▶ Work request
For the data below, transcribe the part that opens with the line containing "YanAsiaImbissnew YanAsiaImbiss YanAsiaImbissA5Aussen" and closes with the line containing "davis advantage basic", exactly and with no pictures.
--- START ---
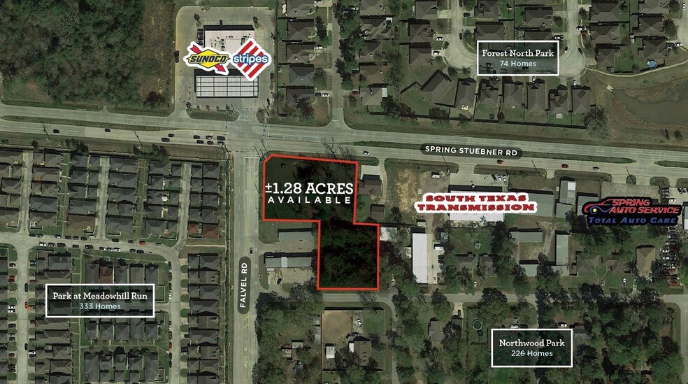 Located in the heart of Spring Near the ExxonMobil Houston Campus Hard to find signalized corner SEC of Spring Stuebner & Falvel Rd.
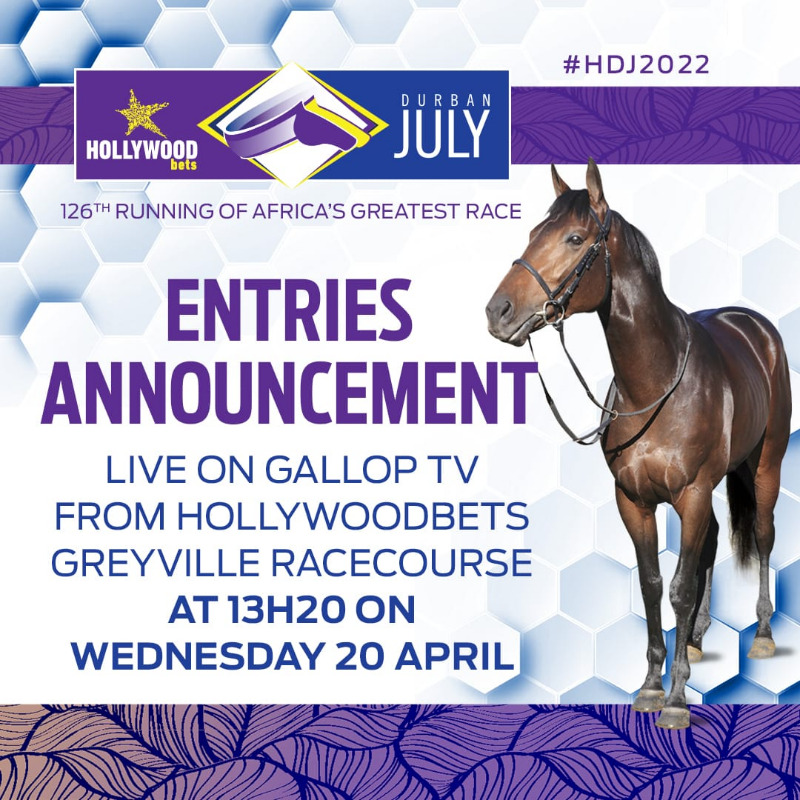 Hi clanners, tune into GallopTV at 13h20 to watch the announcement of the First Entries for the 2022 Hollywoodbets Durban July! Hosted by Graeme Hawkins, we run through the first horses that have thrown their name in the hat for Africa's Greatest Horse Race. Visit
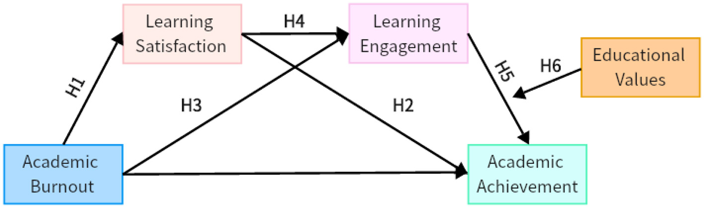 H6: Educational values moderate the chain mediating effect of learning satisfaction and learning engagement on academic achievement.
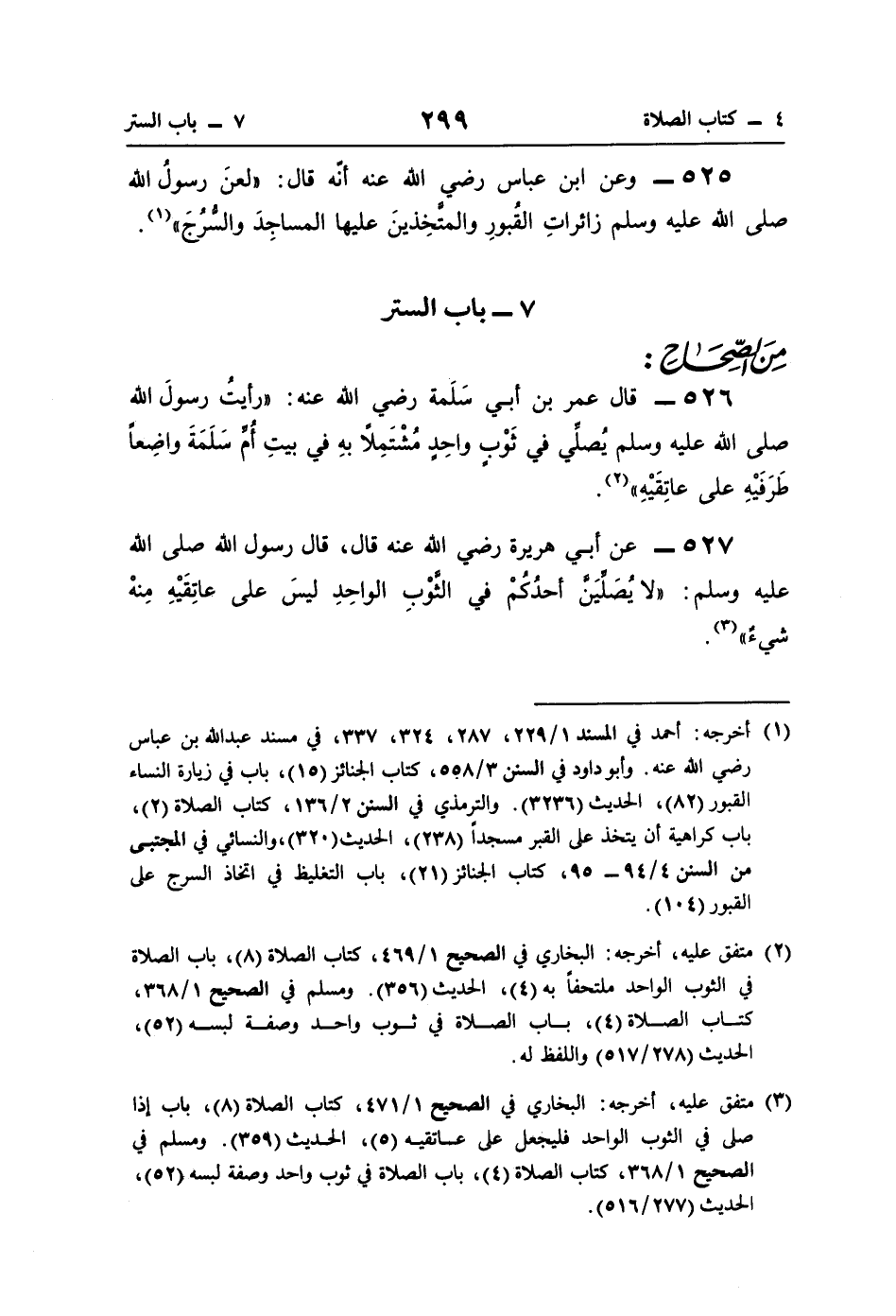 (¬3) متفق عليه، أخرجه: البخاري في الصحيح 1/ 471، كتاب الصلاة (8)، باب إذا صلى في الثوب الواحد فليجعل على عاتقيه (5)، الحديث (359). ومسلم في الصحيح 1/ 368، كتاب الصلاة (4)، باب الصلاة في ثوب واحد وصفة لبسه (52)، الحديث (277/ 516).
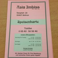 YanAsiaImbissnew YanAsiaImbiss YanAsiaImbissA5Aussen YanAsiaImbissA5Innenfinal YanAsiaImbissGeschlossenTatum Order your food with us Check our menu above or give us a call Send us your food ordering request Food orders can not be done outside of opening hours. Asia Imbiss in Frankfurt am Main, reviews by real people Yelp is a fun and easy way to find, recommend and talk about what’s great and not so great in Frankfurt am Main and beyond. See more of Asia Imbiss Osterode on Facebook Log In Forgot account?.
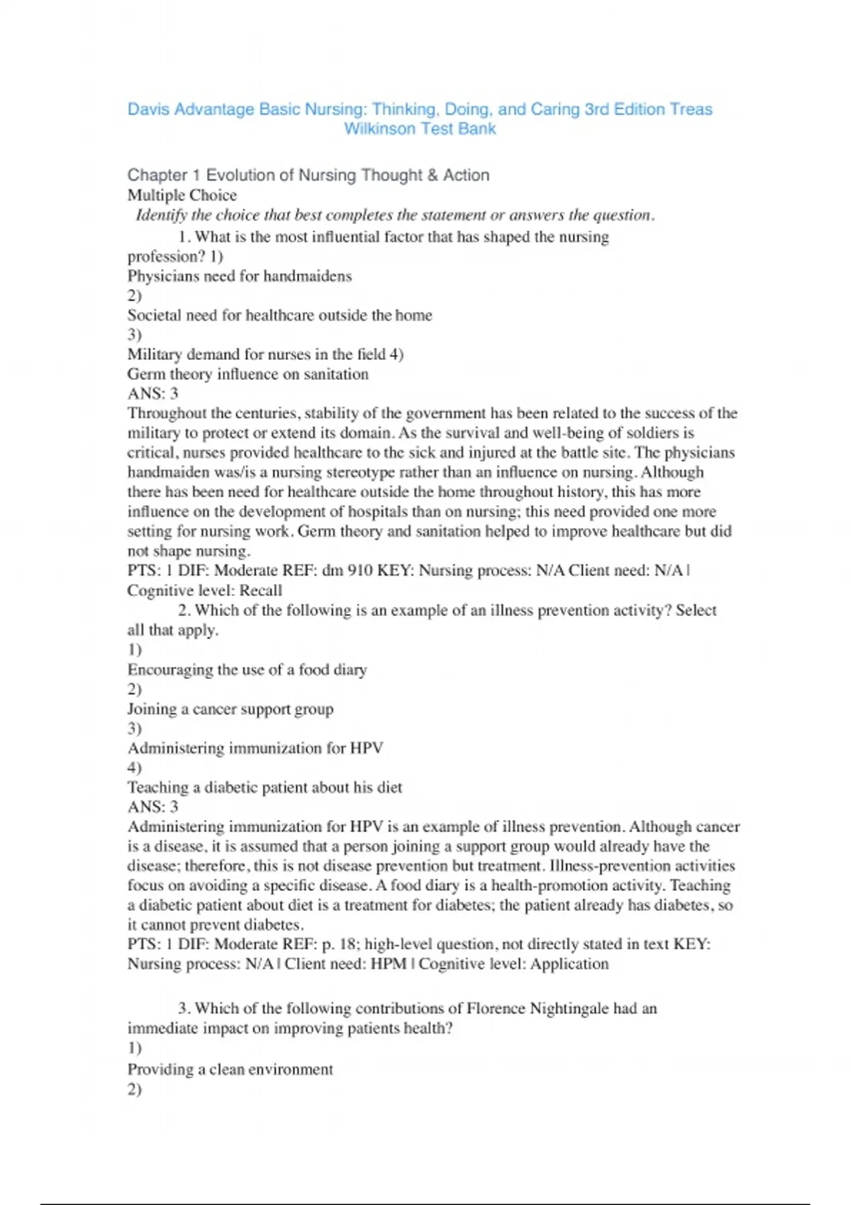 davis advantage basic nursing: thinking, doing and caring 3rd edition treas wilkinson test bank
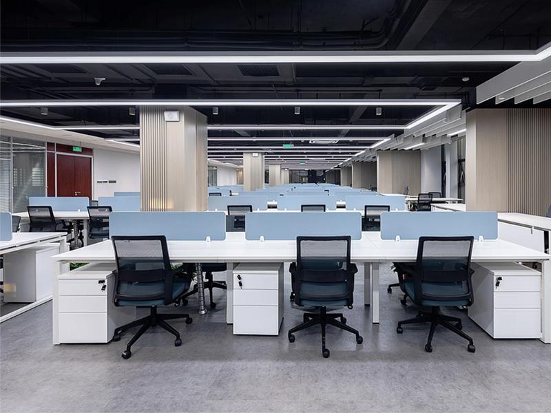从会议室到办公室,四川壹西格玛工装公司对不同功能区域有着精准把握。会议室摒弃传统的单调布局,采用长方形会议桌搭配带滚轮办公椅的形式,方便参会人员自由移动与交流,极大地促进团队讨论的互动性;长桌排座式则适用于项目汇报、商务洽谈等正式场景,整齐有序且配备高清显示屏,满足资料展示需求。在办公室设计上,独立高管办公室兼具办公与接待功能,合理划分工作区与接待区,办公桌、展示架、沙发等布置精巧,既彰显高管身份,又能为访客提供舒适空间。开放式办公区更是巧妙利用绿植隔断,多人共用办公长桌,保证采光的同时,营造出轻松协作的氛围,让员工在舒适环境中激发创意与工作热情。
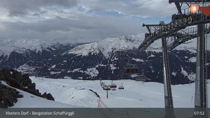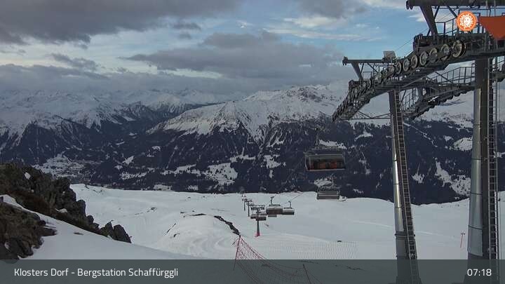 Diese Webcam zeigt die Bergstation des Schaffürggli Lifts auf der Madrisa. Der 2.770 m hohe Berg in den schweizer Alpen bietet vielfältige Wander- und Erlebniswege.
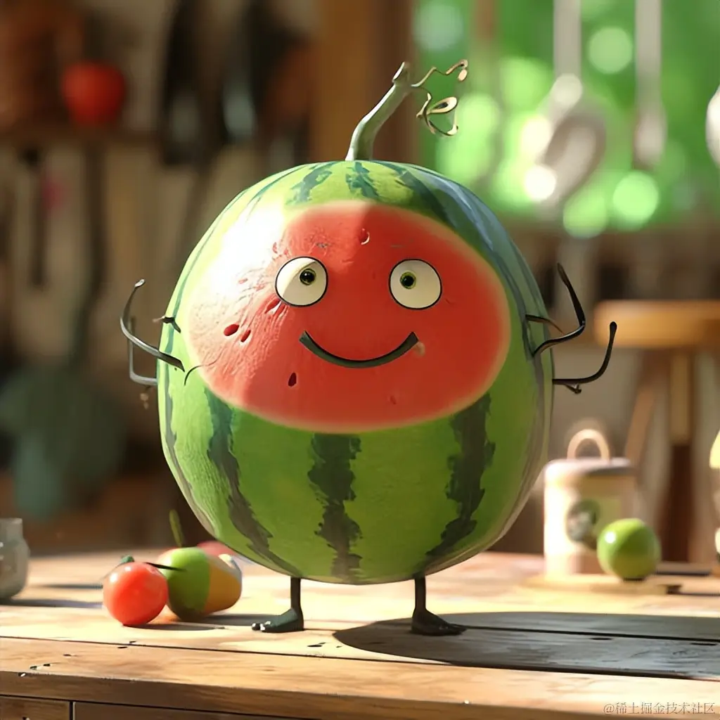 西瓜角色站在桌子上,迪士尼动画风格,照片逼真,超逼真的细节,Smilecore,UE5,Heatwave,卡通面孔
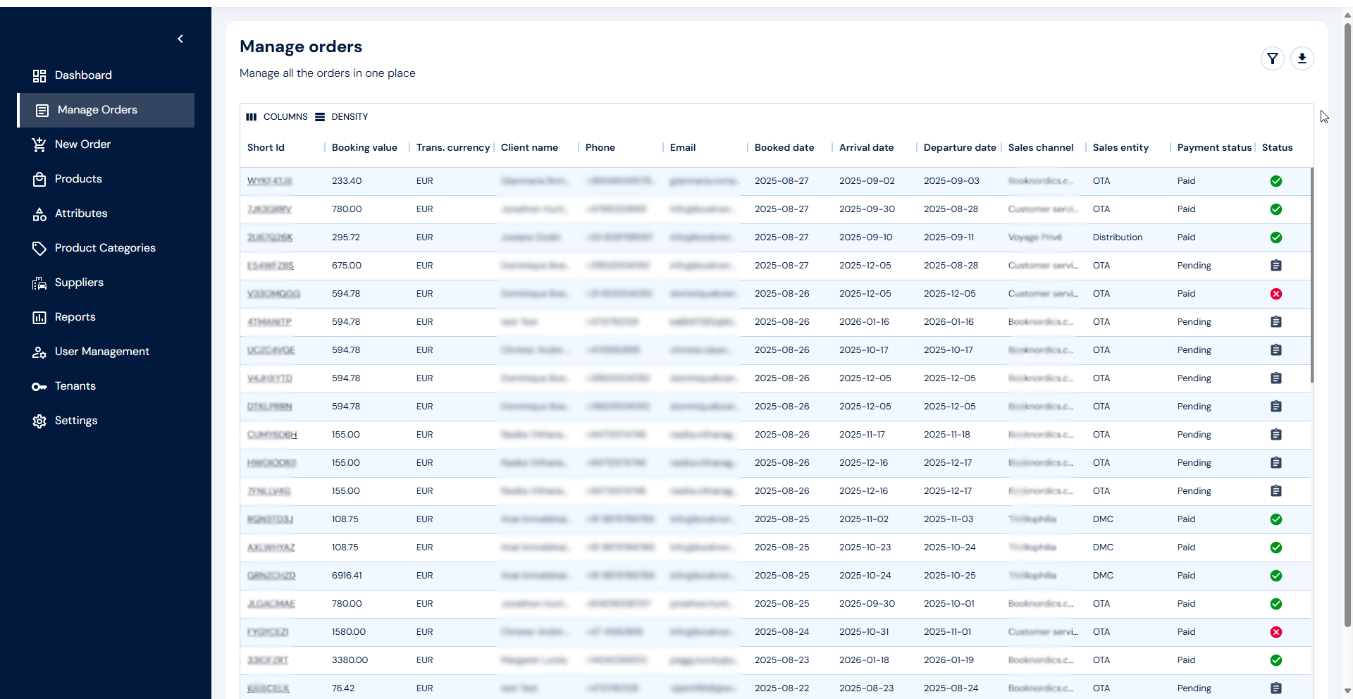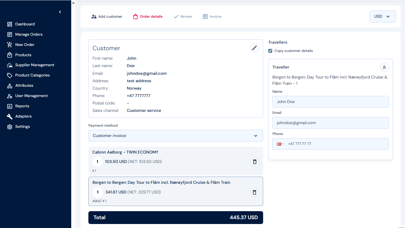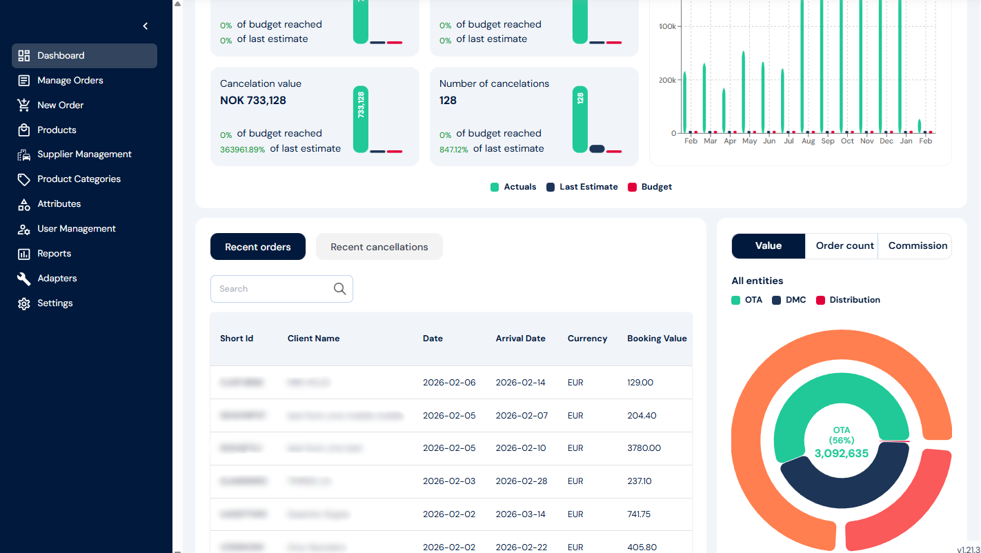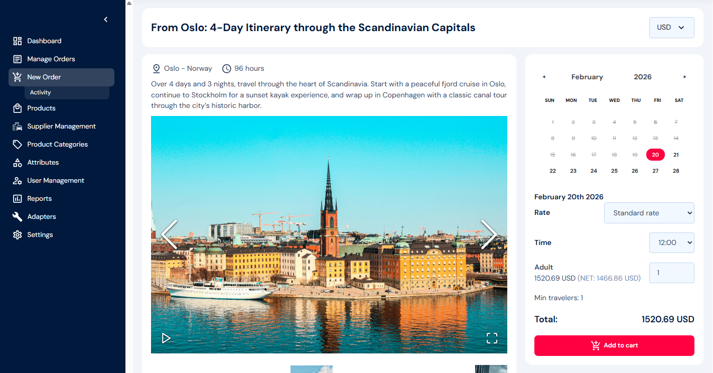Every confirmed booking is managed as a central order within Adventure Hub—even though it may span multiple suppliers and systems. The Order Management module supports changes, cancellations, invoice generation, refund rules, and more.
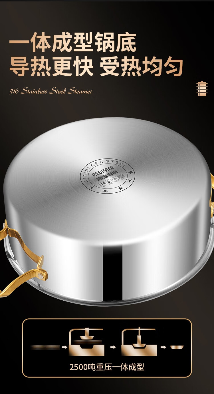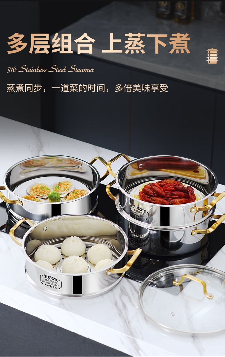 • 商品名称:智星辉316不锈钢特厚复合多层钢蒸锅电磁炉通用炖锅蒸笼蒸锅二层32cm 特厚316蒸锅双层32cm/套
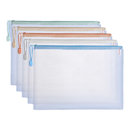 得力(deli)网格拉链袋文件袋学科袋学科分类收纳透明档案中小学生科目试卷收纳装作业文具A4大容量 【5个装】莫兰迪色系-透明经典款
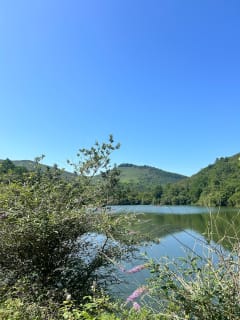 Balade sympathique. Arrivée au lac en 30 minutes, du coup je suis sortie des tracés de l’appli et ai fait le tour du lac. Pas beaucoup de visibilité sur le lac avant le barrage mais sympathique quand même. Quelques vaches croisées sur le chemin !
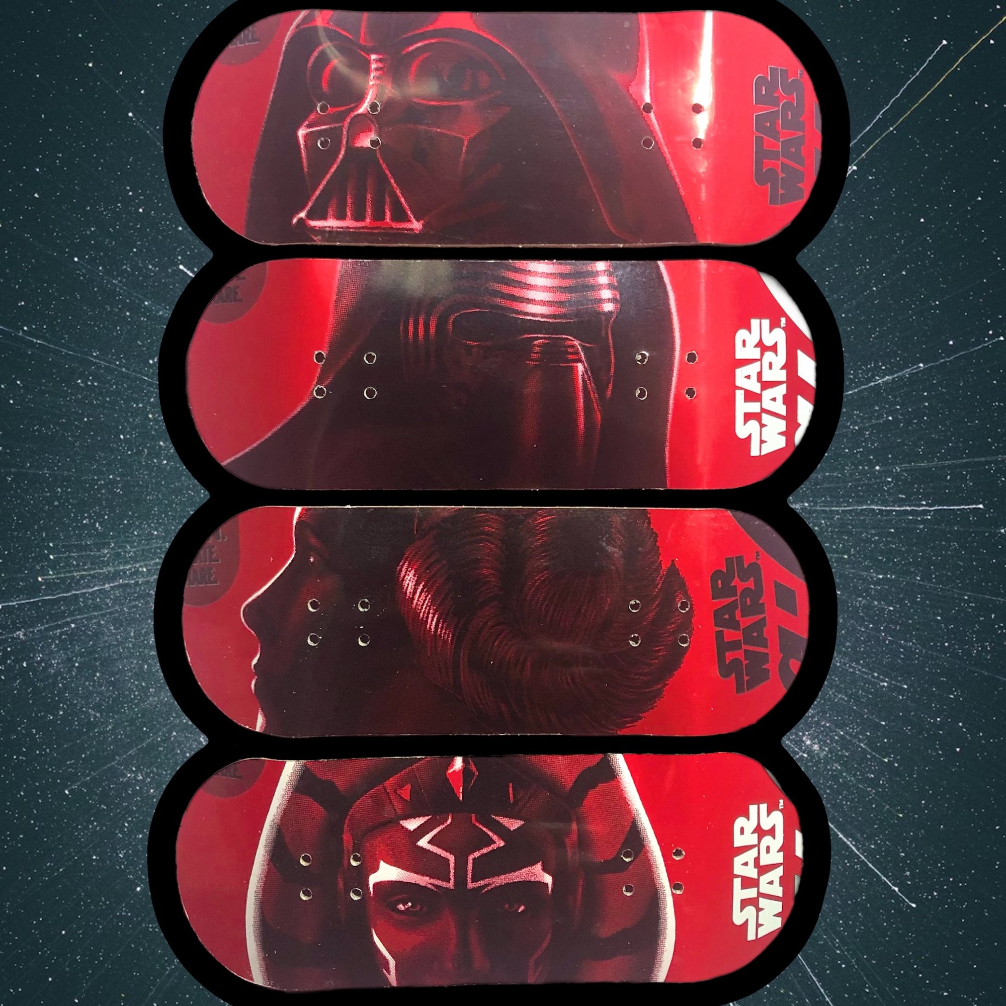 These are made from Recycled Coke Cans. The decks are 5 ply wood with an extra bottom layer being the metal can for some extra snappy pop! Graphic of the can will wear away with use like a real wear down to the bare metal
--- END ---
▶ Output
 YanAsiaImbissnew YanAsiaImbiss YanAsiaImbissA5Aussen YanAsiaImbissA5Innenfinal YanAsiaImbissGeschlossenTatum Order your food with us Check our menu above or give us a call Send us your food ordering request Food orders can not be done outside of opening hours. Asia Imbiss in Frankfurt am Main, reviews by real people Yelp is a fun and easy way to find, recommend and talk about what’s great and not so great in Frankfurt am Main and beyond. See more of Asia Imbiss Osterode on Facebook Log In Forgot account?.
 davis advantage basic nursing: thinking, doing and caring 3rd edition treas wilkinson test bank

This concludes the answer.